Alors que tout dérive autour de lui : les Révolutions arabes, l’εurope malade, il essaie, par bonds de s’approcher de son amie. Il vole l’argent de la librairie religieuse où il travaillait avant qu’on y mette le feu, après l’attentat de Marrakech, travaille dans une boîte chargée de numériser des « kilomètres » d’archives de la guerre 14-18, était serveur sur un ferry, bloqué en Espagne, devient l’esclave d’un malade mental chargé des immigrés trouvés morts sur les plages et qu’il faut si possible rapatrier. Après le suicide de son patron, il se retrouve à Barcelone, avec l’argent de la caisse, rejoint sa copine espagnole et habite rue des voleurs « Carrer Robadors » (dérober ou Räuber en allemand), est ami avec un tunisien de son âge et voit son meilleur ami d’enfance se suicider « sans raison apparente »…
Livre génial … duquel je retire cette portion de phrase concernant le « touriste » qui me donne la chair de poule : « … fumer du kif et baiser des indigènes, des indigènes masculins la plupart du temps … » (première page plus loin il emploiera le mot : autochtone)

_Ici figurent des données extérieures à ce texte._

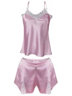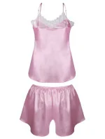 Tato sladká dvoudílná souprava je vyrobena ze saténu a krajky a jistě vás okouzlí jak svou jemnou pastelovou barvou, tak neuvěřitelnou jemností, která je vlastní designu. Souprava se skládá z pohodlného topu na tenkých nastavitelných ramínkách s krásným krajkovým výstřihem a volných šortek na měkkém elastickém pásku s krajkovými vsadkami na stehnech. 100% polyester.

Lakhdar, pour moi, pourrait se traduire par « être pour le côté obscur », (trouble, deuil, tristesse) alors que ce héros est un être lumineux. C’est le verso d’une pièce dont le recto serait « sombre ». Je pense que l’auteur a choisi délibérément ce prénom ambigu, à double sens. Bassam, son ami d'enfance, signifierait : fouler, écraser, transformé à l'état de robot islamiste, qui participe aux attentats et rêve aux filles du paradis. Il n’est pas là ou plus là !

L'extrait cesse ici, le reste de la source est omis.